The difference between Rutan's (or should I say the XPrize) approach
and NASA's is that it will build a commercial business around every
step of development. Here are the steps (and my best case timeline
estimate):
- Edge of Space (now — the next 2 years). The simple space plane (that won the XPrize) was interesting enough for Virgin to invest in as a space tourism business.

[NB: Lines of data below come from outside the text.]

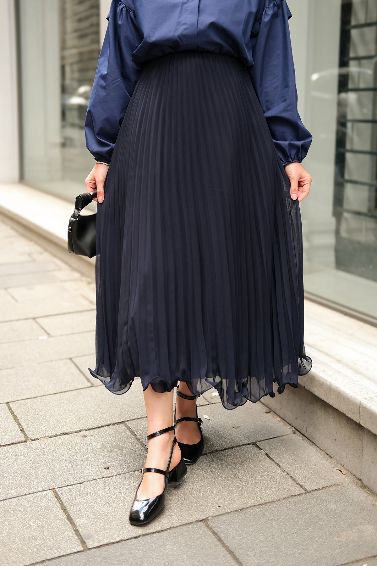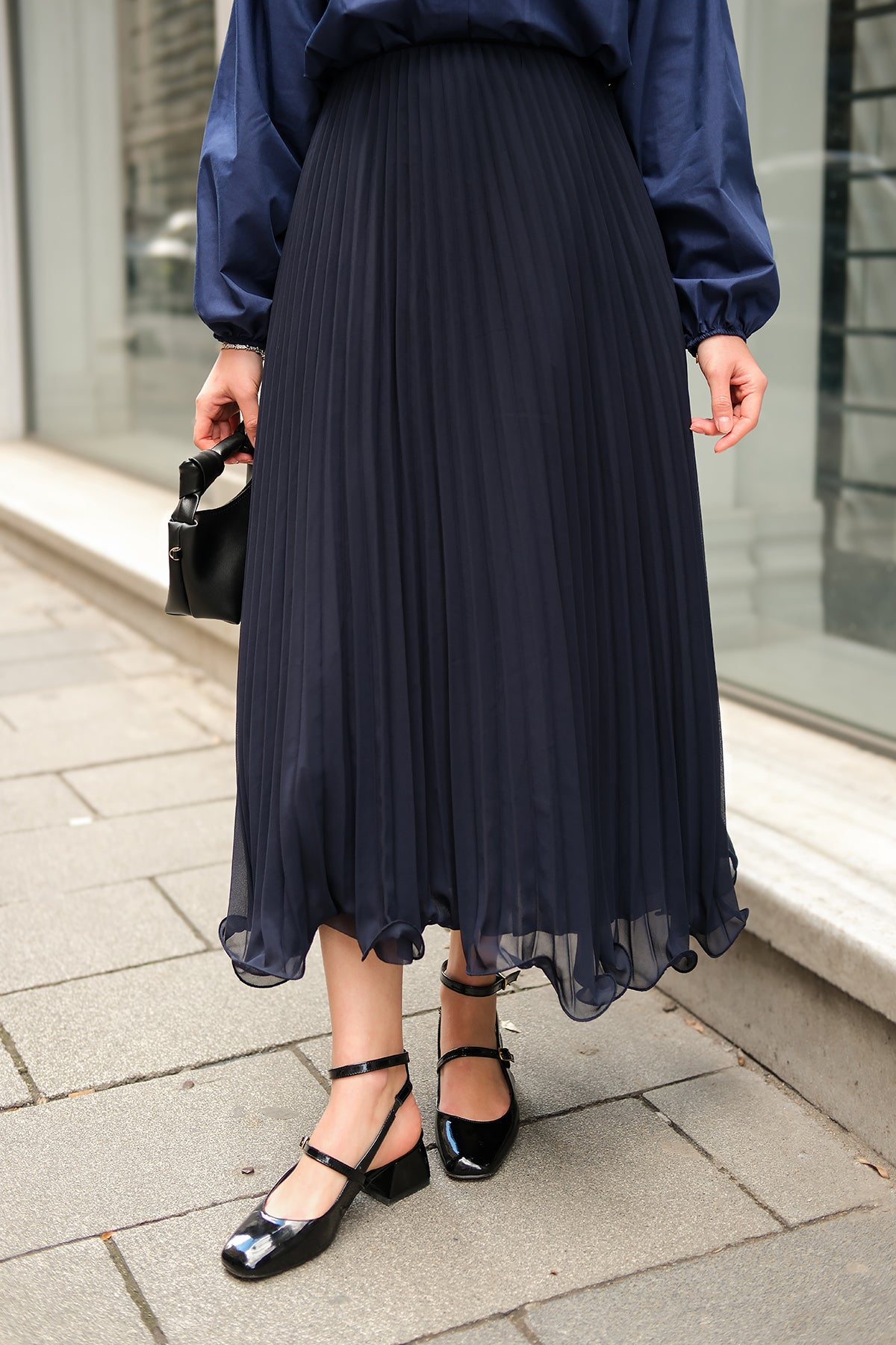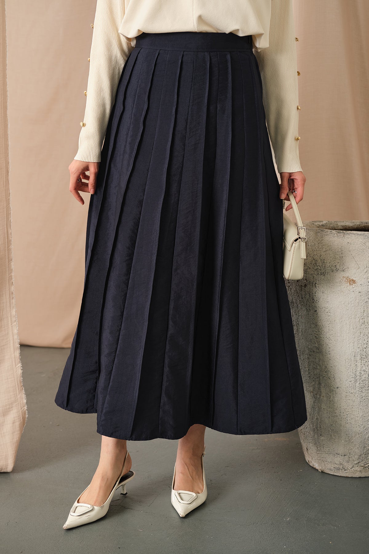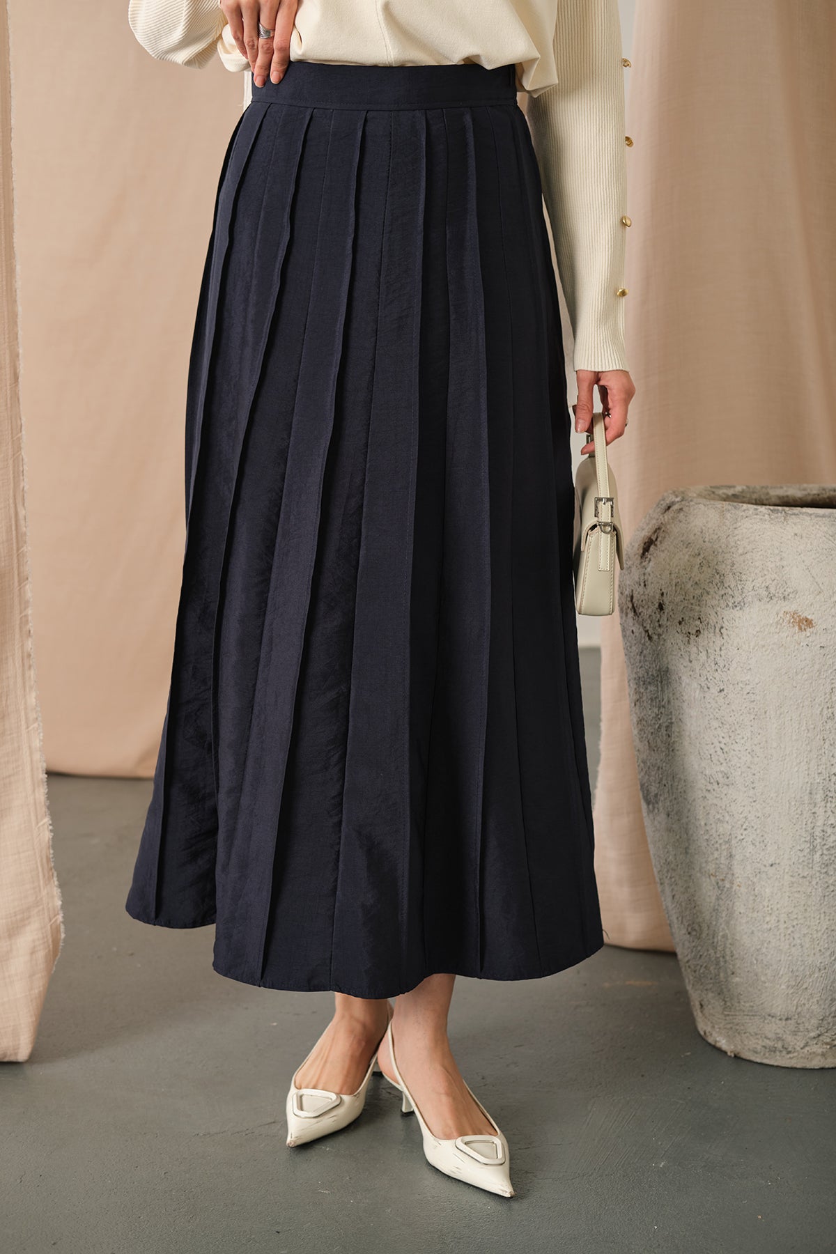 Elastic Waist Pleated Skirt Navy Blue
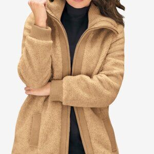 ROAMAN’S Camel Textured Fleece Bomber Coat Ladies Plus Size 3X Size 30W 32W *
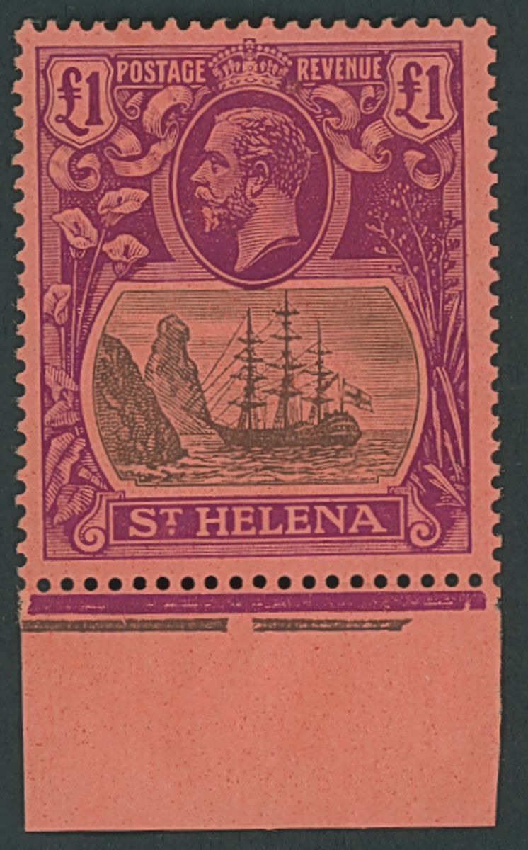 1922-37 MCA £1 grey and purple on red, unmounted mint from the foot of the sheet (hinged in the margin); fine. S.G. 96, £450
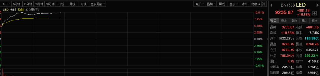 今日早盘,LED板块集体爆发,LED行业指数暴涨超10%。雷曼光电4分钟内20%封死涨停板,聚飞光电、聚灿光电、艾比森、联建光电、瑞丰光电皆20%涨停,恒太照明一度涨超25%。
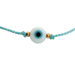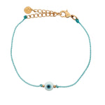 Bracelet doré cordon turquoise avec oeil rond blanc

- Extend Zero G time (4 years). The next step
is to extend the time in zero G while reducing the cost. This will grow
the market. Motivation: commercial need. - LEO Orbit. After that, it will be a full
push to circle the globe in orbit. Again, it will be space tourism that
drives this. A prize of $100 m would help accelerate things. - Commercial micro satellites (5-6 years). At
that point, modifications of the vehicles will be made to insert LEO
micro-satellites. With a record of reliability and low costs (proven
via space tourism), Rutan's vehicles will eat this market up. It will
make lots of new satellite business available due to the business
opportunities offered by this low cost solution. Motivation: commercial
need. - LEO station/hotel (12-14 years). Add
docking capability and orbital manipulation to the vehicle and you have
a way to get back and forth from permanent structures in LEO. That
makes it possible to build a business in orbit — a hotel or work
facility. To build this facility, a low cost moderate payload lift
vehicle would need to be built (the facility would be manufactured in
space vs. the prefabed module approach used in the past). A $1 billion
prize for a private facility continuously manned by 10 people for a
year would accelerate this. - OTV to GEOSYNC (13-14 years). At that point a reusable orbital transfer vehicle (OTV) will be built to bring payloads from LEO to GEO.
- Zoom time (15 years?). Business will boom.
Heavy lift vehicle will be built to take advantage of the demand.
Asteroid belt mining. Moon tourism. So much is possible once this low
cost commercial infrastructure is built.